しかしながら,商標が商標法第3条第1項第3号に該当するものであるか否かを判断するにあたっては,当該商標が,その指定商品及び指定役務との関係で,その商品の品質又は役務の質,その他の特性を表示記述するものとして取引に際し必要適切な表示であるか否かについての事情を総合考慮して,当該商標がその指定商品又は指定役務に使用された場合における,指定商品又は指定役務の取引者,需要者の認識を基準として判断すべきであるところ,請求人の挙げる事例は,いずれも,本願商標とは,その商標の構成や指定商品及び指定役務が相違するものであり,かかる事例についての判断は,本願商標の上記判断に影響を与えるものではない。

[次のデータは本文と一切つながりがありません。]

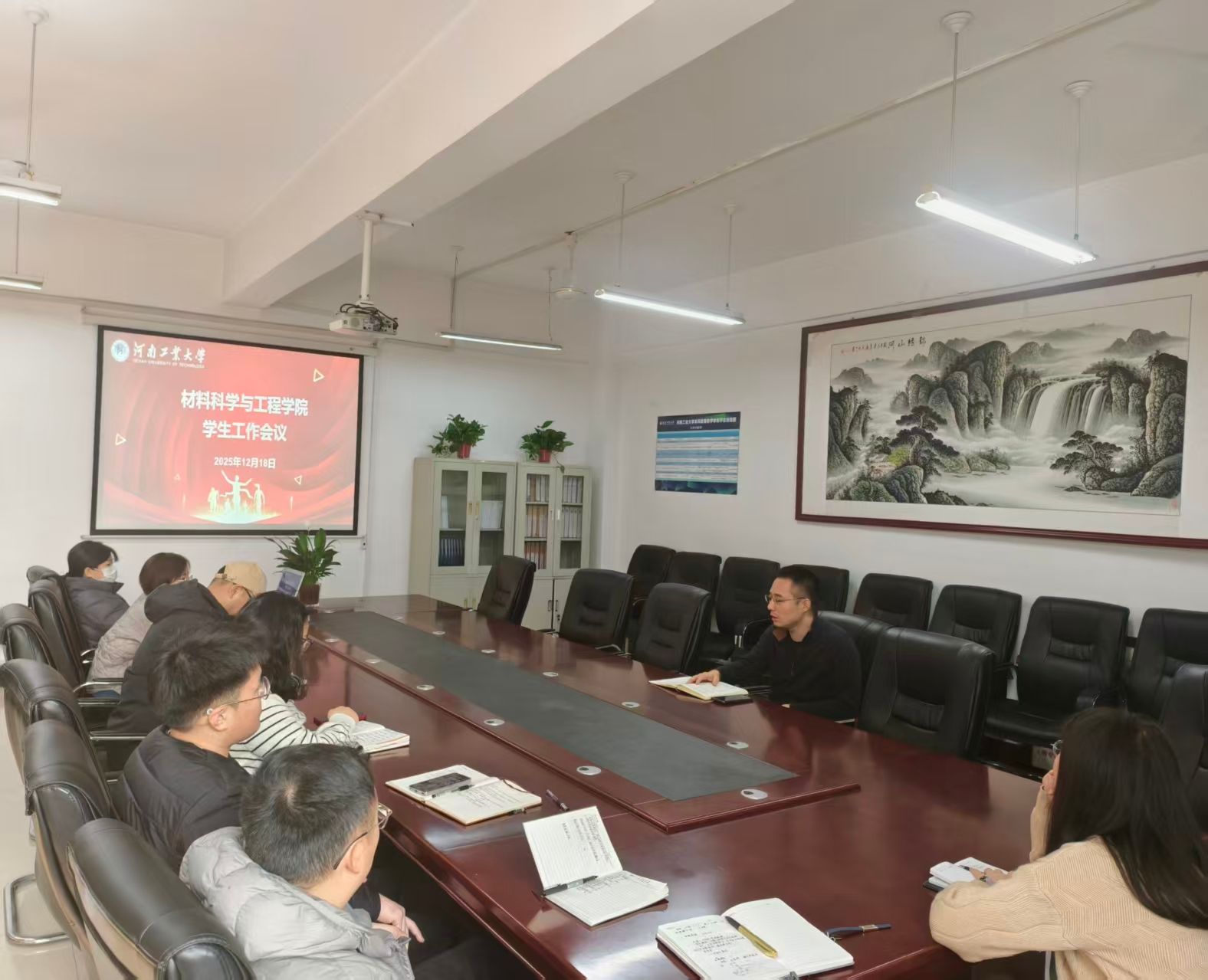12月18日上午,材料科学与工程学院在惟志楼407会议室召开学生工作会议。学院党委副书记书记李建锋、全体辅导员参会,会议聚焦常规工作汇报、学生动态分析及下一阶段工作部署。

(3)請求人は,光を用いた発毛に関する研究開発等の実情,及び「光」,「発毛」の文字の使用例については,「光発毛」の文字自体の使用例はなく,また,各使用例では,どのような光を利用した技術であるかの具体的な説明がされていることから,それらの技術・機能が特殊であり,補足説明がなければ需要者及び取引者に商品や役務の内容を理解されない分野であるといえる。したがって,たとえ一部に使用例が見受けられるとしても,それらのみをもってして,本願商標「光発毛」が,指定商品等の分野において,普通に用いられていると捉えるのは性急である旨主張する。

しかしながら,本願商標が商標法第3条第1項第3号に該当するというためには,本件審判の審決時において,本願商標がその指定商品又は指定役務との関係で商品の品質又は役務の質を表示記述するものとして取引に際し必要適切な表示であり,取引者,需要者によって本願商標がその指定商品又は指定役務に使用された場合に,将来を含め,商品の品質又は役務の質を表示したものと一般に認識されるものであれば足り,それが一般に用いられていた実情があったことまでを必要とするものではないというべきである。そして,「光発毛」の文字は,その言語構成に照らし,「光を用いた発毛」の意味合いが自然に生じること,また,発毛に関する業界においては,光を用いた発毛効果を有するとされる商品や,光を用いた発毛治療等を提供する役務が取引されており,「光を当てるだけで発毛」,「光で発毛できるという機械」,「光で発毛を促す最先端の技術」等の使用例があることからすれば,「光発毛」の文字は,当該文字を用いた商品,役務が,「光を用いた発毛」に関する商品,役務であることを容易に理解させるものであって,その商品の品質又は役務の質を表示記述するものとして取引に際し必要適切な表示であるというべきであるから,請求人が主張するように,「光発毛」の文字自体が現実に使用されておらず,また,上記「光を当てるだけで発毛」等の使用例は,補足説明がなければ需要者及び取引者に商品や役務の技術的な内容を正確には理解されないと解したとしても,そのことをもって,本願商標の同号該当性が否定されるものではない。

したがって,請求人の上記主張は,いずれも採用することができない。

3 まとめ

以上のとおり,本願商標は,商標法第3条第1項第3号に該当するものであるから,登録することができない。

よって,結論のとおり審決する。